James Webb Space Telescope Feed Post
A massive compact quiescent galaxy at z=2 with a complete Einstein ring in JWST imaging (COSMOS-Web)
Symmetries in the ring. This color image was created from the F150W and F444W images, after subtracting the galfit model of the central galaxy. The image spans 2.5 '' × 2.5 ''. There are several candidate multiply-imaged features along the ring. The two red knots are very bright in F444W and are stretched into mirrored arcs. This would be difficult to explain by any other mechanism than gravitational lensing. Abstract: One of the surprising results from HST was the discovery that many of the most massive galaxies at z~2 are very compact, having half-light radii of only 1-2 kpc.
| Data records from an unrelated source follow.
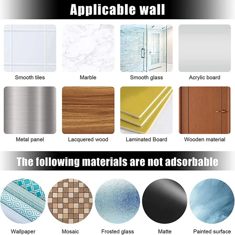 Caution- suction hooks work on any smooth and non-porous surface such as glass, metal, ceramic tiles, plastic, etc. suitable. Cannot hold their own on porous or rough surfaces: marble, paint wall, porcelain, nano tiles, plaster and wood, or over mortar lines.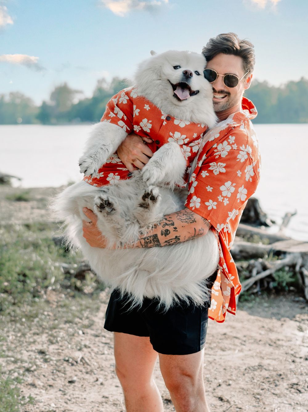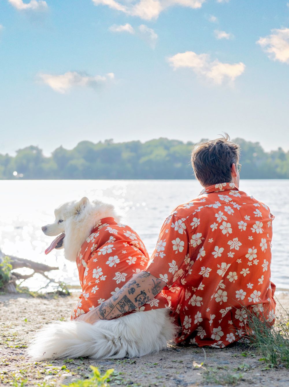 Our terracotta-take on a classic hibiscus floral print. Create memorable moments with your fur fam in matching BBQ Shirts by Dog Threads.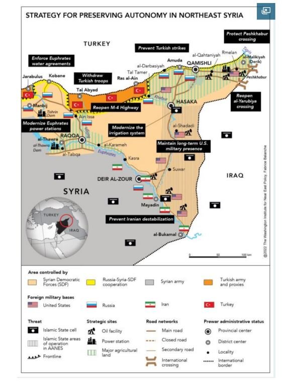 Auf der folgenden Karte sind die militärischen Akteure der Region wie auch militärische und infrastrukturelle Maßnahmen, welche zur Absicherung der AANES nötig wären, eingezeichnet: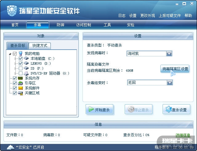 打开瑞星主界面 杀毒界面 查看当前病毒隔离区是否已经满了 如果满了 请点击病毒隔离区设置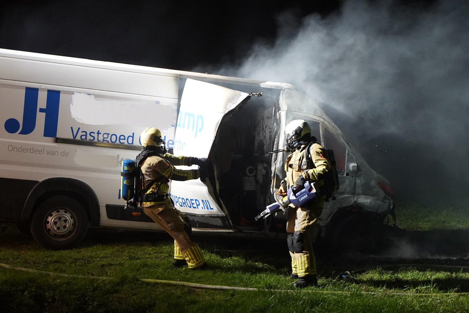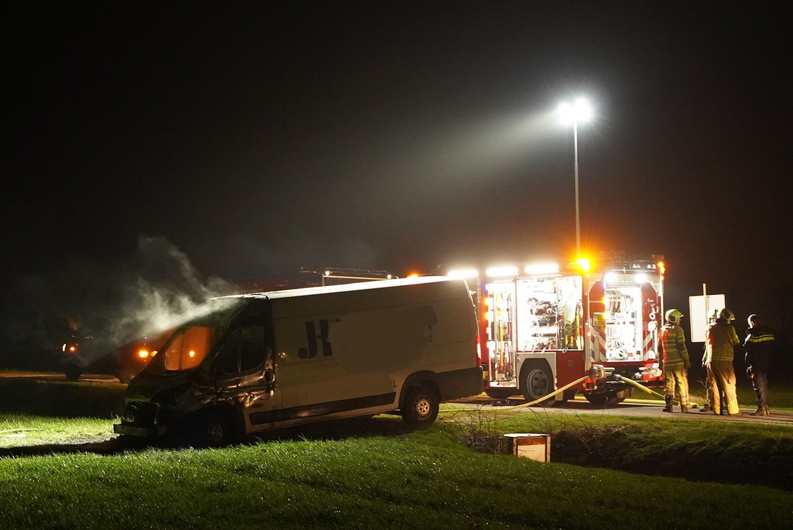 De brandweer was snel ter plaatsen maar kon niet voorkomen dat het busje zwaar beschadigd raakte. De bestuurder kwam met de schrik vrij.
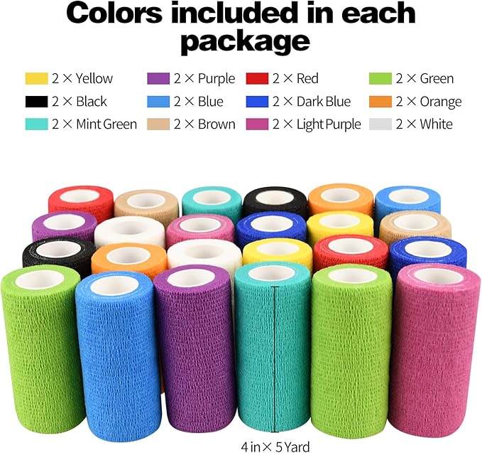 - El paquete incluye: este juego de vendajes incluye 4 vendajes autoadhesivos, su tamaño es de 4 x 5 yardas, son perfectos para niños juguetones y mascotas encantadoras.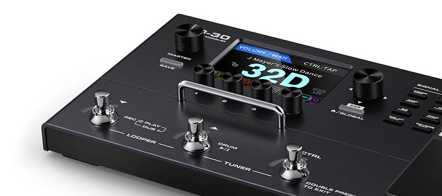 The 5-way encoder navigates lets you for quick editing, signal block routing, jack setting, and more. Signal block indicator presents current status, and helps you quickly engage/bypass or edit related effects.

The interpretation is that massive galaxies formed inside-out, with their cores largely in place by z~2 and approximately half of their present-day mass added later through minor mergers. Here we present a compact, massive, quiescent galaxy at zphot=1.94+0.13-0.17 with a complete Einstein ring. The ring was found in the JWST COSMOS-Web survey and is produced by a background galaxy at zphot=2.98+0.42-0.47. Its 1.54" diameter provides a direct measurement of the mass of the "pristine" core of a massive galaxy, observed before mixing and dilution of its stellar population during the 10 Gyr of galaxy evolution between z=2 and z=0. We find a mass of Mlens=6.5+3.7-1.5×1011 Msun within a radius of 6.6 kpc. The stellar mass within the same radius is Mstars=1.1+0.2-0.3×1011 Msun for a Chabrier initial mass function (IMF), and the fiducial dark matter mass is Mdm=2.6+1.6-0.7×1011 Msun. Additional mass is needed to explain the lensing results, either in the form of a higher-than-expected dark matter density or a bottom-heavy IMF.